45. Since there is also no other prior art document which suggests using anti-PCSK9 inhibitors to lower Lp(a) levels, the claimed subject-matter is inventive (Article 56 EPC).

Documents D1, D3 or D23 as starting points

46. This conclusion on inventive step is not changed when starting from the disclosure of documents D1, D3 and D23, as suggested by opponent 1. Indeed, none of these documents discloses an effect of PCSK9 inhibitors on Lp(a) levels.

47. Document D1 relates to a phase 1 clinical trial of PCSK9 inhibitors. It reports dose-dependent reductions of LDL-C, no change of HDL-C and no dose-limiting toxicity. Lp(a) is mentioned as one of the pharmacodynamic parameters measured, but no results are reported in this regard. Documents D3 and D23 do not mention Lp(a).
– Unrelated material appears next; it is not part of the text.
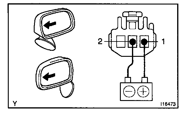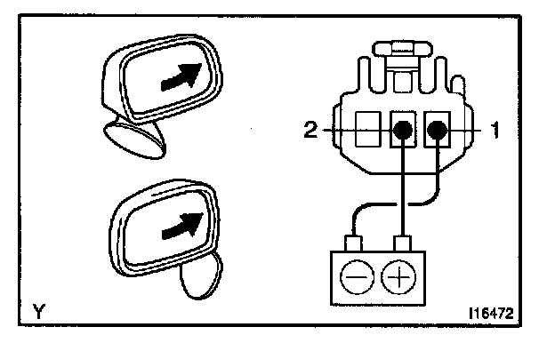 INSPECT MIRROR MOTOR OPERATIONa. Connect the positive (+) lead from the battery to terminal 2 and the negative (-) lead to terminal 1, and check that the mirror turns to the right.

48. Opponent 1 argued that starting from document D3, the objective technical problem could be formulated as providing a new use for PCSK9 inhibitors and that merely by repeating the teaching of document D3 (or D1 or D23) which routinely involved measurement of Lp(a) levels the skilled person would have arrived at the subject-matter claimed.

49. The board does not agree with this conclusion. The skilled person, starting from the disclosure in document D3 and seeking a solution to the above formulated problem, would not have found any indication in that document that PCSK9 inhibitors could lower Lp(a) levels, even taking into account common general knowledge or other disclosures in prior art documents (see points 37. to 41. above). From the disclosure in document D1, which is the only document that mentions Lp(a), the skilled person could have concluded that Lp(a) was one of seven pharmacodynamic parameters measured. An effect of the anti-PCSK9 antibody on other parameters than LDL-C (reduced) and HDL-C (no change) is not reported. Even when setting out to find new uses for PCSK9 inhibitors, as suggested by opponent 1, the skilled person would have had no reasonable expectation that Lp(a) levels would be reduced by PCSK-9 inhibitors or that lowering Lp(a) levels would be beneficial for a particular patient group. Since in document D1 the patients were selected for their LDL-C>100 mg/dL and fasting triglycerides <=200 mg/dL levels, determining if anti-PCSK9 inhibitors lowered Lp(a) levels would have required running a new clinical trial with the appropriate patient groups and controls. Nothing in document D1 or in the remaining prior art suggests to embarking on such a research project. As established in point 44. above, the skilled person was also not in a "try and see" situation.

50. The board concludes that also when starting from documents D1, D3 or D23, the skilled person would not have arrived at the claimed subject-matter.

51. The subject-matter of claim 1 is inventive (Article 56 EPC). The same applies to the subject-matter of dependent claims 2 to 12 which share all features of claim 1.